Today, formative models are becoming a standard tool in socio-economic research, particularly in the fields of causal modeling and multidimensional evaluation. Although theoretically the debate on the use of formative models is still very heated (there are still unsolved methodological problems encountered when addressing structural equation models comprising formative constructs), in practice these models are applied in many studies (Diamantopoulos et al. 2008). Generally, it is important to understand the nature of indicators, the reflective or formative nature, because an incorrect specification of the latent constructs can undermine the construct content validity, misrepresent a model, and lead to less useful theories for both researchers (Coltman et al. 2008). According to Coltman et al. (2008) there are three theoretical assumptions to consider when deciding whether the measurement model is formative or reflective: the nature of the construct, the direction of causality between the indicators and the latent construct, and the characteristics of the indicators used to measure the construct (Eboli et al. 2018).

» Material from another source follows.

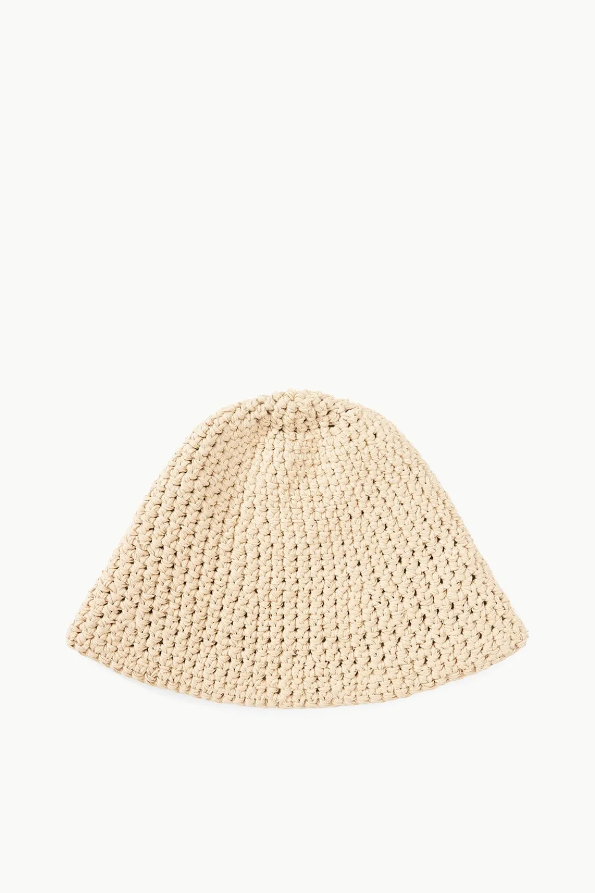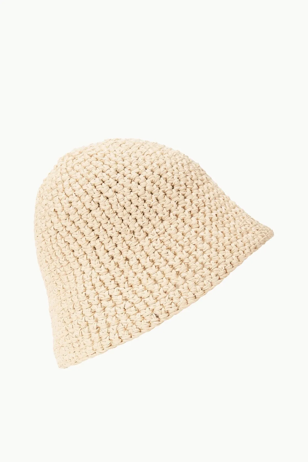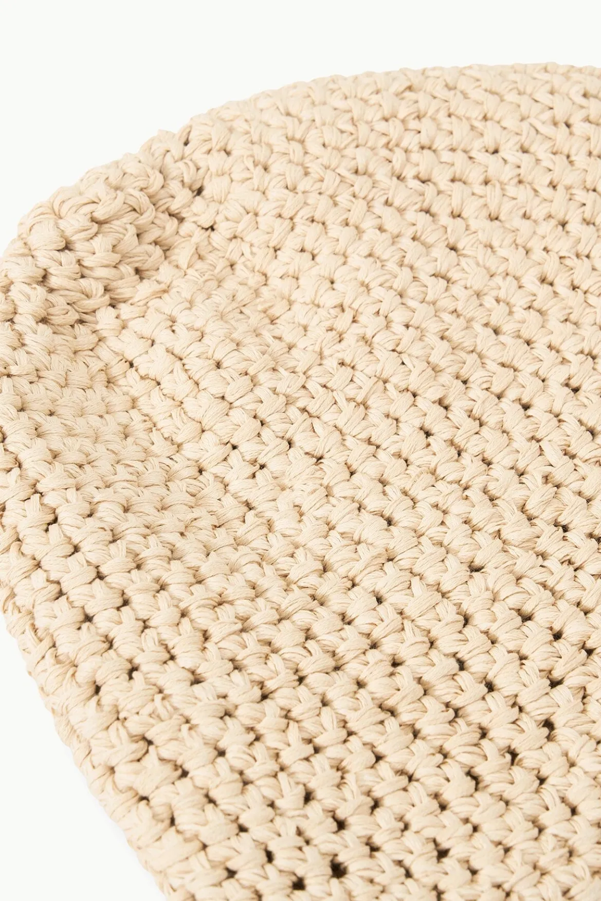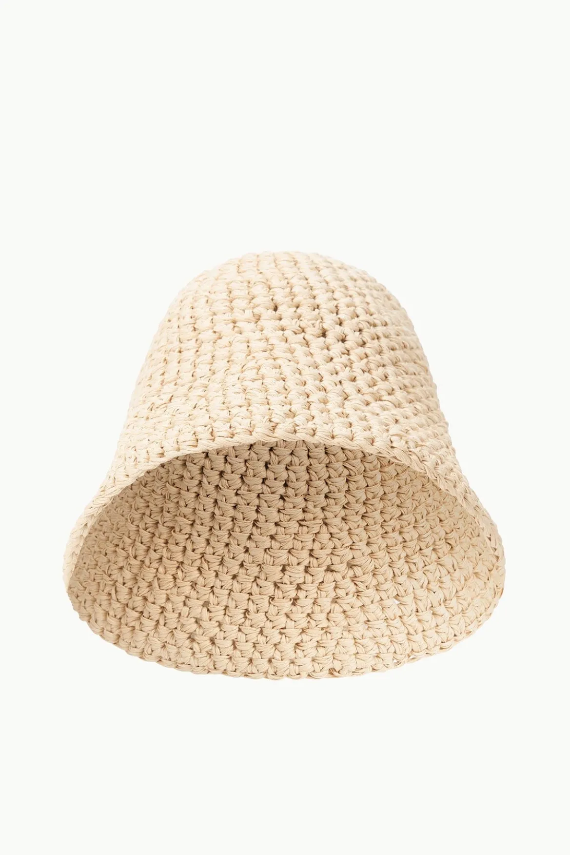 A hand crocheted bucket hat with a soft look and feel. Packs up easilyfor atrip without losing its shape.

In order to determine whether a construct is reflective or formative, the statistical instruments can also be used. As a matter of fact, the constructs are assessed through the theory underpinning each LV (Bagozzi 2007; Chin 1998b) and their validity by means of Cronbach’s alpha and Average Variance Extracted (AVE) (Coltman et al. 2008). Additionally, the indicator-construct causality flow can also be checked using Weight-Loading Sign (WLS). A negative WLS indicates a causality issue which means that the indicator-construct link is impossible or reverse (Kock 2013; Wagner 1982), a tale-tale sign of a Simpson paradox instance (Kock 2015; Roni et al. 2015). Roy et al. (2012) claim “Wrongly modeling a reflective model as formative, and vice versa, is known as *model misspecification*”. A misspecification in the measurement model impacts on the structural paths of the LV, thus leading to erroneous path coefficients (Jarvis et al. 2003; MacKenzie et al. 2005). For this reason, it is critical to understand when the use of formative or reflective measurement models is appropriate and how such models should be formulated (Roy et al. 2012).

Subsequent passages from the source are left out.